The Company received $75,000
from Lock Sen Yow under a 0% interest notes which are to be repaid by September 30, 2017.On March 23, 2017, the Company issued
3,750,000 shares of common stock in exchange for the cancelation of this note.
As of June 30, 2017 and September
30, 2016, the Company has $67,145 and $3,900 owed from SSNST, a related party, which was a temporary overpayment and expected to
be repaid as soon as practical.
Secured Note
On March 17, 2009, we entered into a
Secured Revolving Promissory Note (the “Secured Note”) with Smartag Solutions Bhd, a Malaysian corporation, the majority
stockholder of the Company. Under the terms of the Note, Smartag Solutions Bhd, agreed to advance to the Company, from
time to time and at the request of the Company, amounts up to an aggregate of $200,000 until September 30, 2014. All
advances shall be paid on or before September 30, 2017 and this advance has an interest rate of 0% per annum. On August 19, 2016,
Smartag Solutions Bhd transferred the balance of the Secured Note to Lock Sen Yow as severance employment package from Smartag
Solutions Bhd. As of June 30, 2017, the balance was $0. On March 23, 2017, the Company issued 9,622,850 shares of common stock
in exchange for the cancelation of this note.
Loan Agreement
On September 19, 2013, we entered
into a Loan Agreement (“Loan Agreement”) with SSB. Under the terms of the agreement, SSB loaned the Company $200,000
(“Loan”). On August 15, 2014, the SSB increased the Loan to $300,000. The Loan shall be repaid on or before September
30, 2017 and this loan has an interest rate of 0% interest per annum. During the nine months ended June 30, 2015, the Company repaid
$100,000 of the Loan. During the year ended September 30, 2016, the Company repaid $50,000 of the Loan. On August 19, 2016, Smartag
Solutions Bhd transferred the balance of the Loan to Lock Sen Yow. On March 23, 2017, the Company issued 7,500,000 shares of common
stock in exchange for the cancelation of this note.

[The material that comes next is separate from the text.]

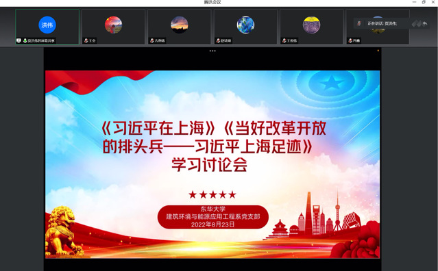 为迎接二十大胜利召开,引导支部党员深刻认识“两个确立”的决定性意义,争当“两个维护”示范引领者,按照公司、公司党委要求,2022年8月23日下午,环境公司建环系党支部开展学习讨论会,集体学习《习近平在上海》、《当好改革开放的排头兵-习近平上海足迹》。支部全体党员教师参加学习,会议由支部书记贾洪伟主持。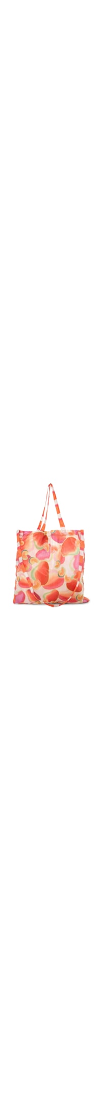 A bolsa rosa é produzida em tactel. A peça possui de tamanho grande, compartimento interno amplo, mix de estampas figurativas de cajú em cores contrastantes, alças fixas e sem fechamento. Acompanha mini bolsa em formato figurativo de banana, fechamento por zíper e removível por mosquetão metálico.

The total amount owed as of June
30, 2017 was $0. We recorded imputed interest of $37,560 for the year ended September 30, 2016 from all the aforementioned related
party debt. During the nine months ended June 30, 2017, we recorded imputed interest of $16,035 from all the aforementioned related
party debt.
NOTE 4 – Stockholder’s Equity
/ Deficit
As of September 30, 2016, there were
authorized 500,000,000 shares of common stock, par value $0.001 per share and 25,000,000 shares of preferred stock, par value $0.001
per share. Each common share entitles the holder to one vote, in person or proxy, on any matter on which action of the
stockholder of the corporation is sought.
On March 23, 2017, various related parties
relieved the Company of loans totaling $1,227,457 in exchange for the issuance of 61,372,850 shares of the Company’s common
stock.
There are currently 93,010,001 shares
of common stock issued and outstanding and zero shares of preferred stock issued and outstanding as of June 30, 2017, and 31,637,151
share of common stock issued and outstanding and zero shares of preferred stock issued and outstanding as of September 30, 2016.